▸ **YOUR TASK**
Please reproduce the lines from the one containing "- Étalez uniformément" through the end of the data below exactly as they stand, and omit all pictures.

▸ **DATA SHOWN**

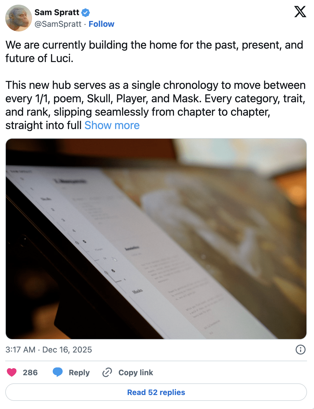 Selon un article publié le 15 décembre sur le site X, l'artiste numérique new-yorkais Sam Spratt a déclaré qu'il était en train de construire un nouveau centre en ligne pour héberger l'ensemble du passé, présent et futur de son projet Luci.
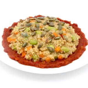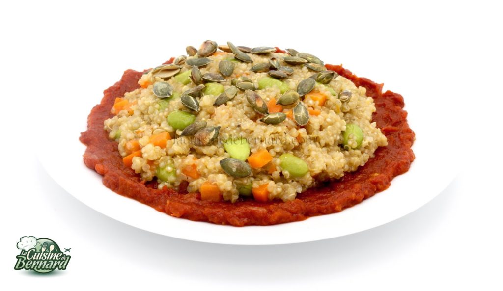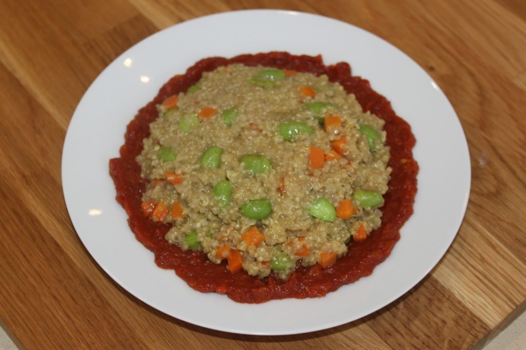 - Étalez uniformément puis servez une portion de quinoa aux légumes sur la sauce.
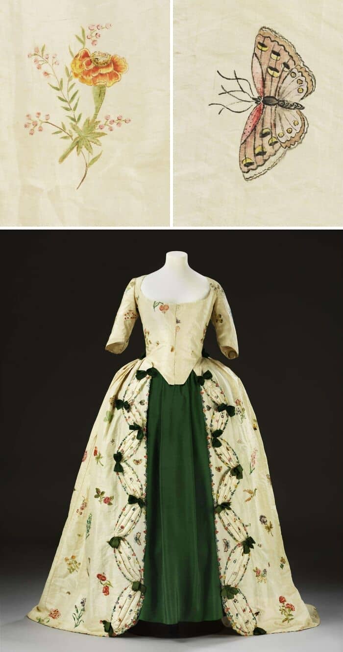 #15 Woman’s Gown, Circa 1780-85, Scottish (Sewing), Cream Silk Lustring Painted With Sprays Of Flowers, Butterflies, British (Painting); Silk, Linen, Hand-Woven, Hand-Painted, Hand-Sewn
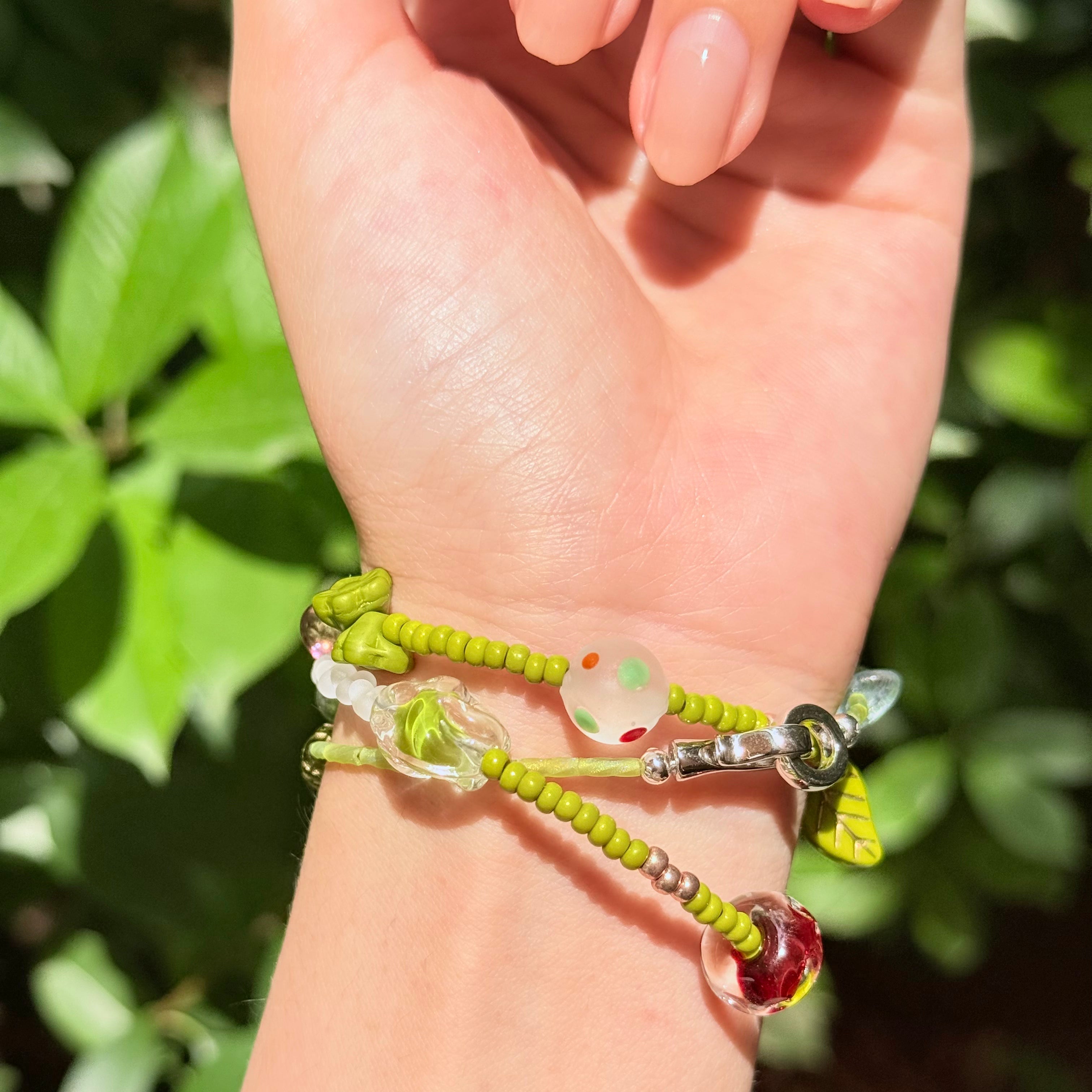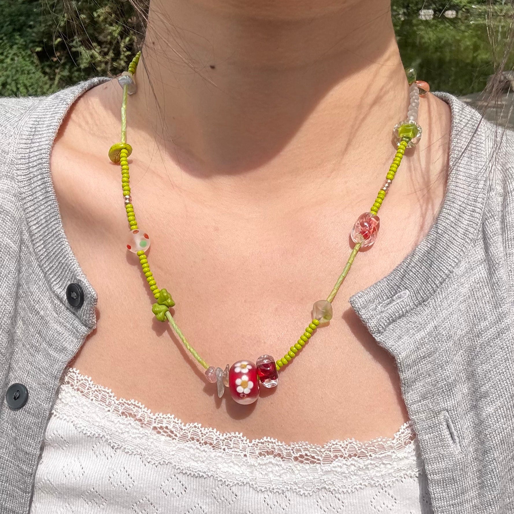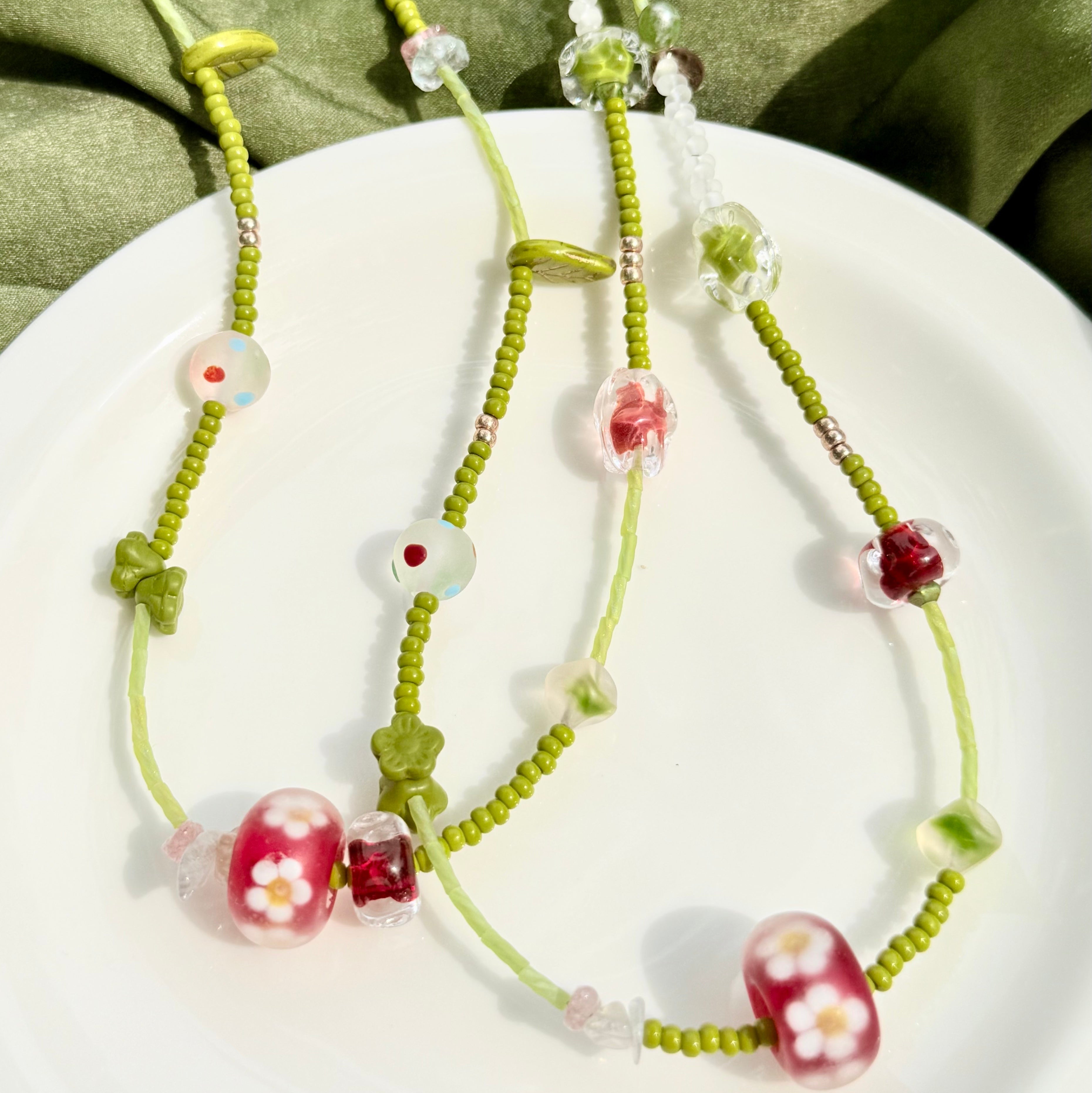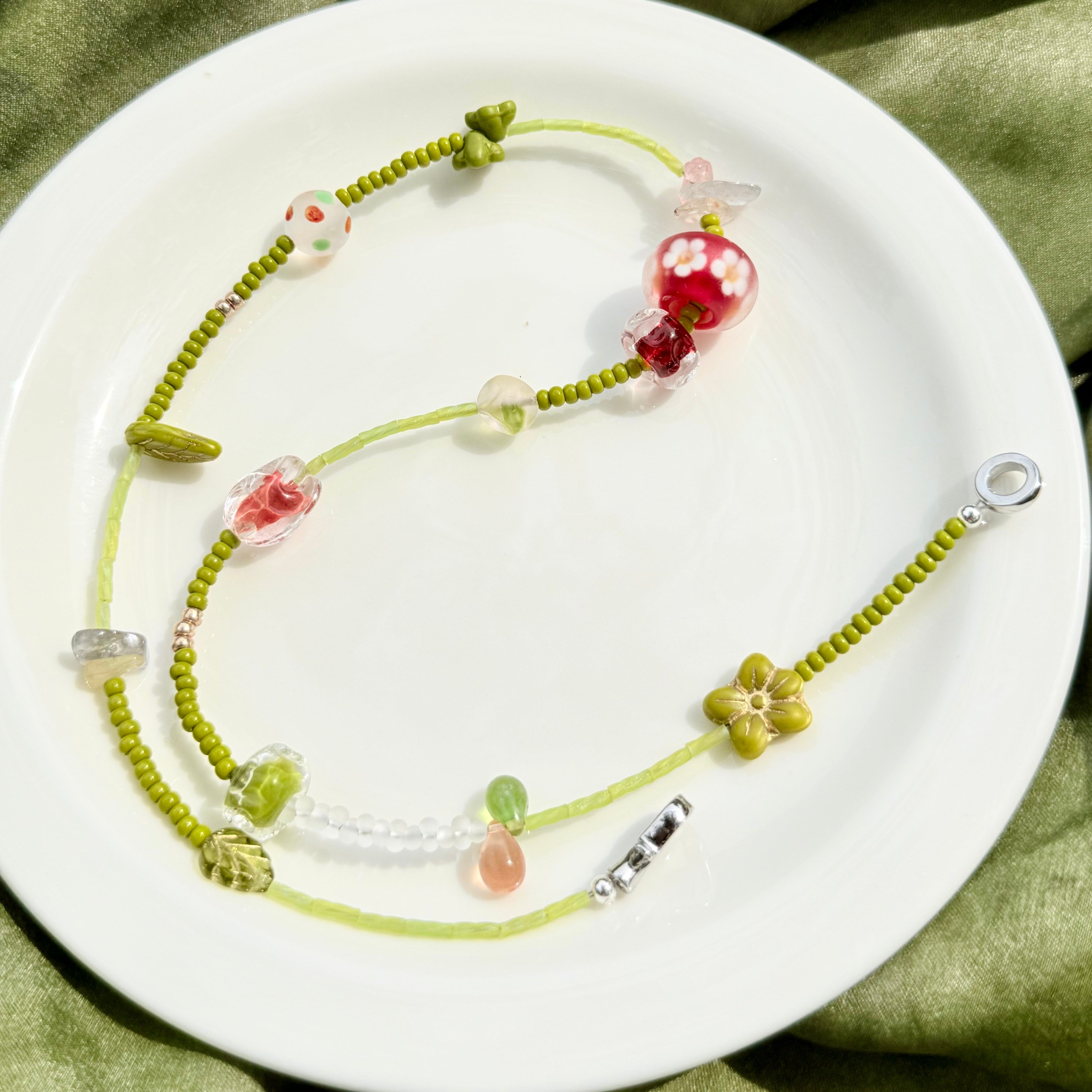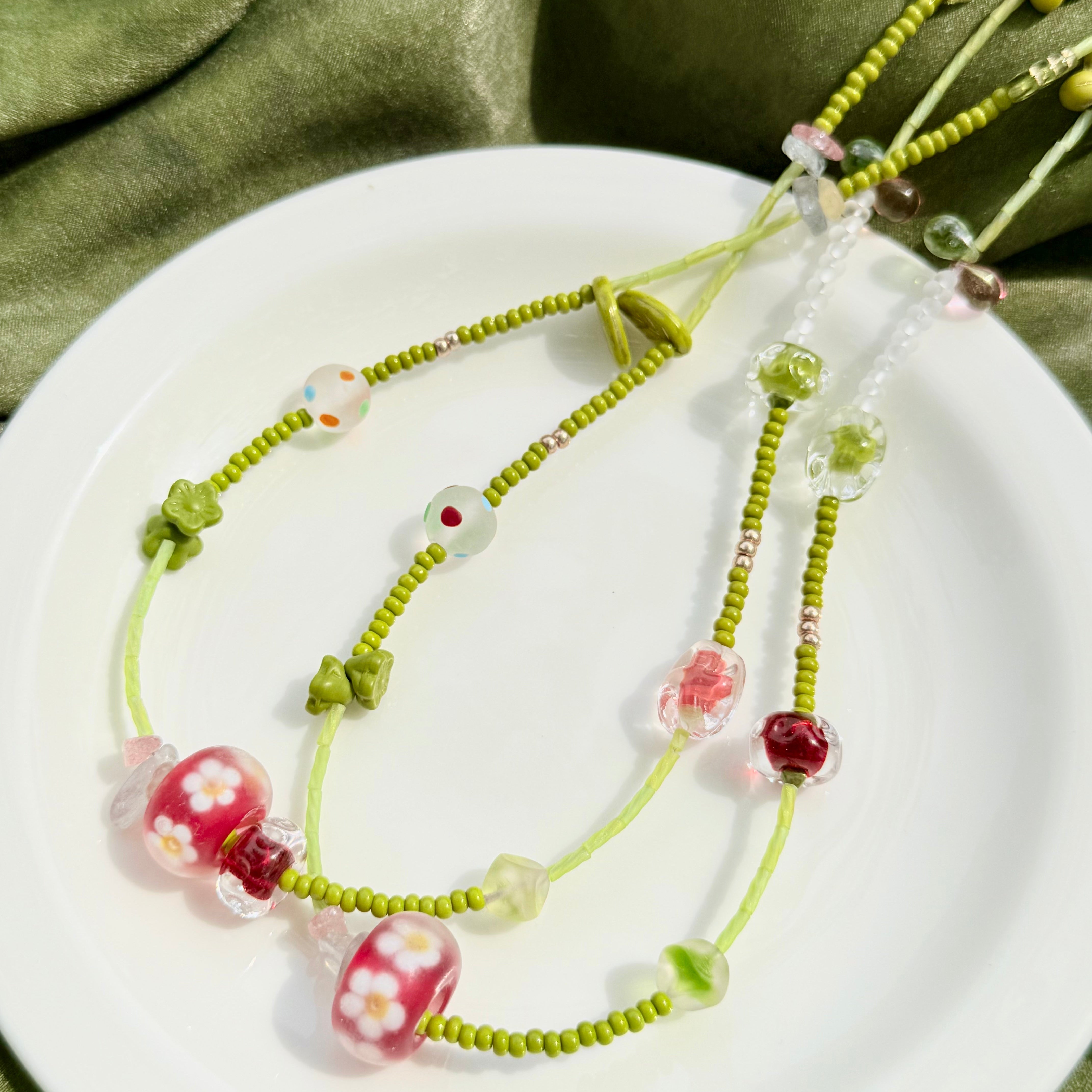 Forest Picnic is a handcrafted 50cm necklace inspired by the fresh, playful spirit of spring meadows. Featuring traditional lampwork glass beads from China, millefiori accents from West Asia, and delicate Japanese Miyuki tube beads, this piece blends soft greens and cherry reds in a joyful, nature-infused palette. Perfect for forestcore aesthetics, sunny outings, or a thoughtful gift for nature lovers.

▸ **EXERCISE SOLUTION**
 - Étalez uniformément puis servez une portion de quinoa aux légumes sur la sauce.
 #15 Woman’s Gown, Circa 1780-85, Scottish (Sewing), Cream Silk Lustring Painted With Sprays Of Flowers, Butterflies, British (Painting); Silk, Linen, Hand-Woven, Hand-Painted, Hand-Sewn
 Forest Picnic is a handcrafted 50cm necklace inspired by the fresh, playful spirit of spring meadows. Featuring traditional lampwork glass beads from China, millefiori accents from West Asia, and delicate Japanese Miyuki tube beads, this piece blends soft greens and cherry reds in a joyful, nature-infused palette. Perfect for forestcore aesthetics, sunny outings, or a thoughtful gift for nature lovers.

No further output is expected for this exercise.